EXERCISE DATA >>
================================
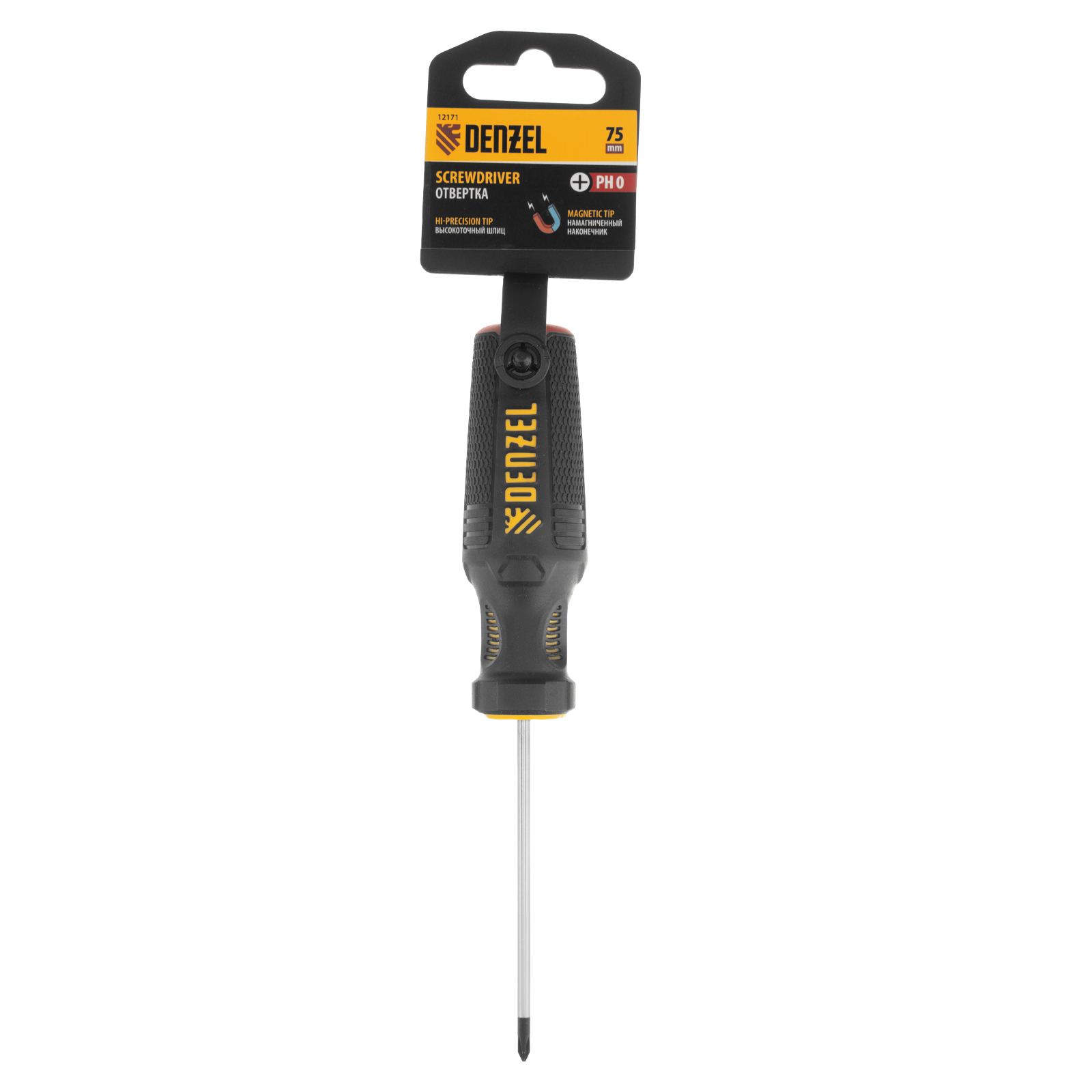 Отвертка PH0 х 75 мм Denzel 12171 из стали CrV, с трехкомпонентной рукояткой, предназначена для закручивания и откручивания резьбовых крепежей типа Philips. Шлиц намагничен, что избавляет от необходимости придерживать винт или саморез рукой. Отвертка рекомендована для профессионального использования.
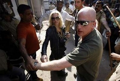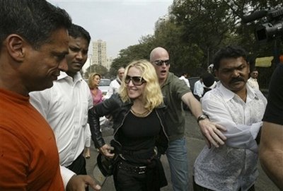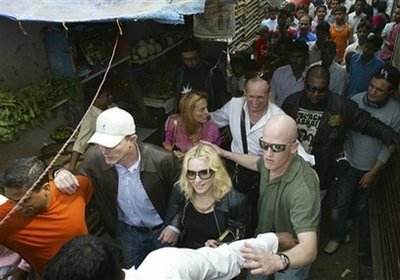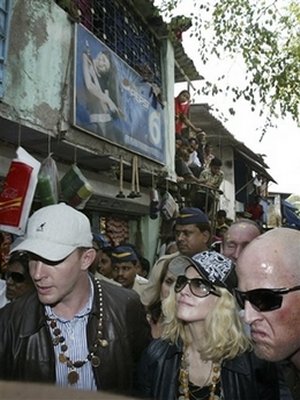 Madonna y su familia llegaron a Mumbai el martes 08 de Enero por la mañana en un avión privado desde la histórica ciudad de Udaipur, en el oeste de India. Vestida con una camiseta negra, jeans y una chaqueta, la estrella del pop junto con su esposo y guardaespaldas deambulaban por los barrios pobres de Ambedkar Nagar y más tarde visitó un mercado de pulgas en la capital financiera de India. Los residentes de los barrios marginales derramaron pétalos de rosas sobre Madonna para darle la bienvenida, aunque pocos sabían quién era la celebridad.
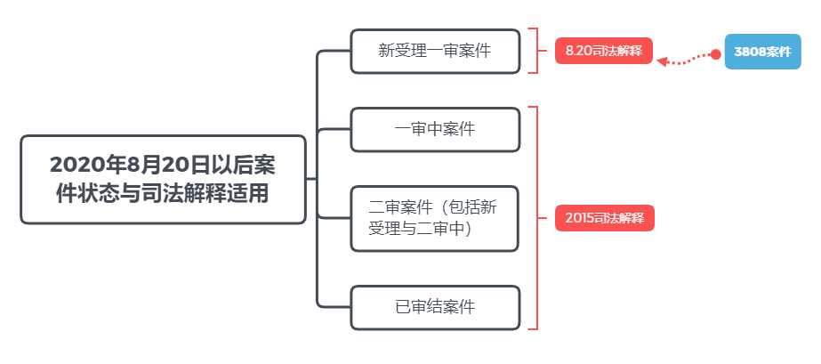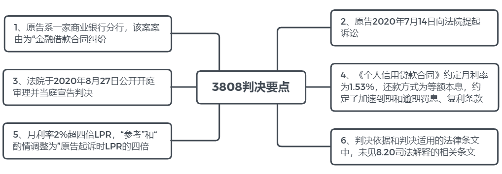 有觀點(diǎn)表示,8.20司法解釋第三十二條第二款規(guī)定:“借貸行為發(fā)生在2019年8月20日以前的,可參考原告起訴時(shí)一年期貸款市場報(bào)價(jià)利率四倍確定受保護(hù)的利率上限”,該款似乎可以作為3808案件作出“參照”判決的依據(jù)。
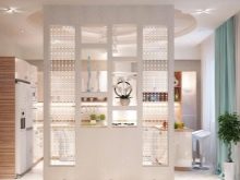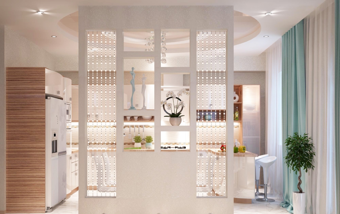- Trennung der Küche mit einer Gipskartonwand mit Regalen und Dekor in Form von Kristallperlen.
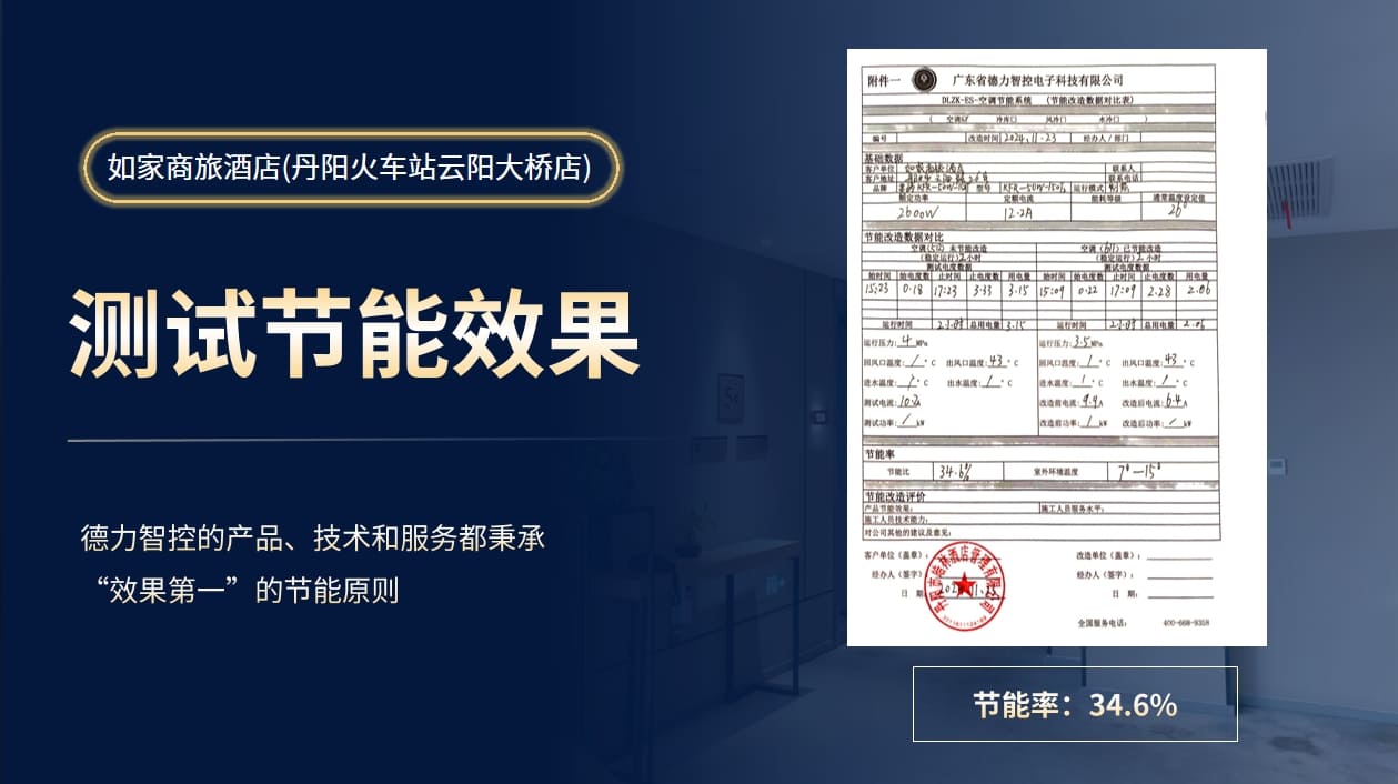 近日,德力智控為丹陽(yáng)市如家商旅酒店空調(diào)設(shè)備節(jié)能改造,實(shí)地打樣節(jié)能率34.6%!
================================
Copy word for word only the lines above from the one with "有觀點(diǎn)表示,8." through the one with "- Trennung der". Leave pictures out.

 有觀點(diǎn)表示,8.20司法解釋第三十二條第二款規(guī)定:“借貸行為發(fā)生在2019年8月20日以前的,可參考原告起訴時(shí)一年期貸款市場報(bào)價(jià)利率四倍確定受保護(hù)的利率上限”,該款似乎可以作為3808案件作出“參照”判決的依據(jù)。
- Trennung der Küche mit einer Gipskartonwand mit Regalen und Dekor in Form von Kristallperlen.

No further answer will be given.